第2話

頭の後ろで手を組みながら、鼻歌も歌って機嫌よく王城内を歩く私の姿を見掛けると、全ての人がサッと避ける。


それは歩きやすくなるから大歓迎なんだけど……。


「うるさいな。黙って」


こっちを見ながら、何かヒソヒソと囁きあっていた令嬢の集団に、視線だけ向けてそう告げる。


令嬢達は驚いたように口をパクパクとさせているけど、その口から声が出ることはない。

とうとう泣き出して逃げ去っていったけど、静かになって何より。

まぁ、何日かすれば声はまた出るようになるしね。


その様子を見ていた周囲の人達もいつの間にか居なくなり、王城の廊下を静寂が包み込む。

うん、静かで良いね。


そのまま機嫌よくさらに王城内を歩くことしばし。

見えて来たのは豪華な扉に、そこを守るように立つ大きな体の兵士。

この制服は近衛の……どの部隊だっけ。


「報告に来たんだけど。中にいる?」


見上げるくらい大柄な兵士にそう聞くと、答えを待たずに部屋の扉をノックする。

確か陛下の執務室だったよねここ。


中から聞こえた返事に、迷いなく扉に手をかける私に兵士達が少し困ったような様子だったけど、それを一切気にすることなく執務室に入る。


中に入ると、目に飛び込んで来るのは立派な執務机に座るおじさんと、その後ろに控えるように立つ青年。

手前に置かれたソファには、綺麗なお姉さんが座っている。


その中から、机に座っているおじさんに目を向けると声をかける。


「陛下、終わったんで報告に来ました」


「おお、そうか」


そう答えるのは、短い銀髪を綺麗にならし、青い瞳の渋いおじさん。

まぁ、おじさんと言ってもまだ30歳くらいだろうからお兄さんで呼んであげないと拗ねてしまう年齢かもしれない。


「公爵は全て話しそうか?」


「うん、たぶん今ごろ部下がくわしく話を聞いてると思います」


「そうか。さすが早いな」


私の言葉に満足そうに頷くと、陛下は後ろに控えていた茶髪にメガネをしたインテリイケメン的な人に何やら指示を出している。

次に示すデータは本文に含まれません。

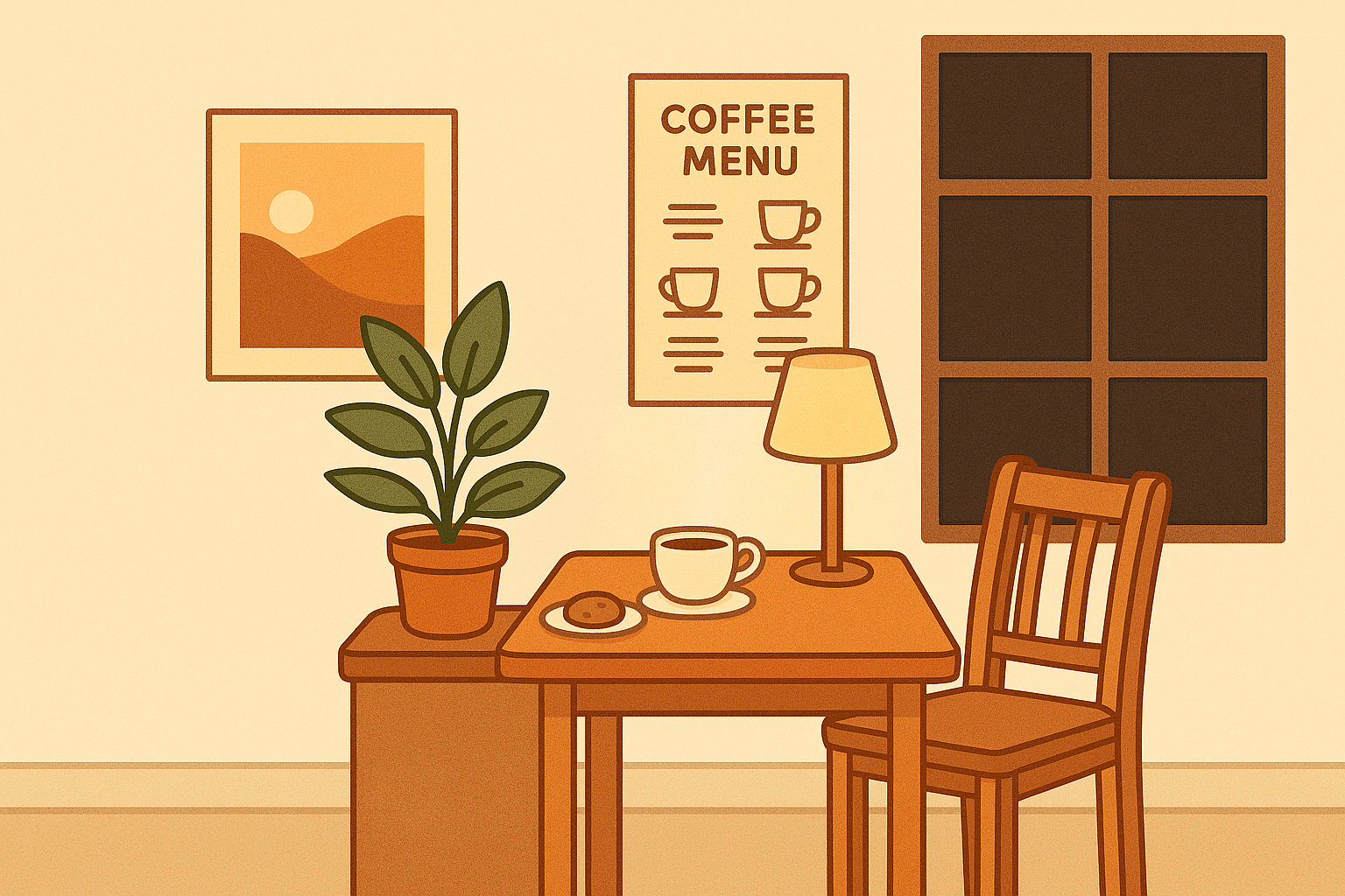 ‘한 평 카페’의 따뜻하고 감성적인 분위기를 담은 가로형 일러스트입니다. 우드톤 테이블, 조명, 식물, 그리고 벽의 포스터까지 — 공간은 작지만 분위기는 꽉 찬 홈카페 입니다.

ちなみに、このインテリイケメンは宰相らしく、私を拾った相手でもある。

まぁ、あんまり好きじゃないんだけど。

もういっそ殺っちゃおうかな。


「サキ……貴女は大丈夫なの?」


そんなことを考えていた私に、心配そうに声を掛けて来たお姉さん。

見事な金髪に、美しい紫の瞳をもつこの綺麗な人は王妃様。


この人は、誰もが怯える私のことを何故かいつも心配してくれている優しい人だから好きだ。

すごく美味しいお菓子もくれるし。


「うん、私は大丈夫だよ、王妃様」


この人のことは好きだから、にっこりと笑って返事をしようかなと思ったのに、私の表情筋はぴくりとも動かない。


やっぱり私の表情筋は壊れているみたい。

いや、表情筋だけじゃない。


三年前のあの日から、きっと私は壊れたままなんだ。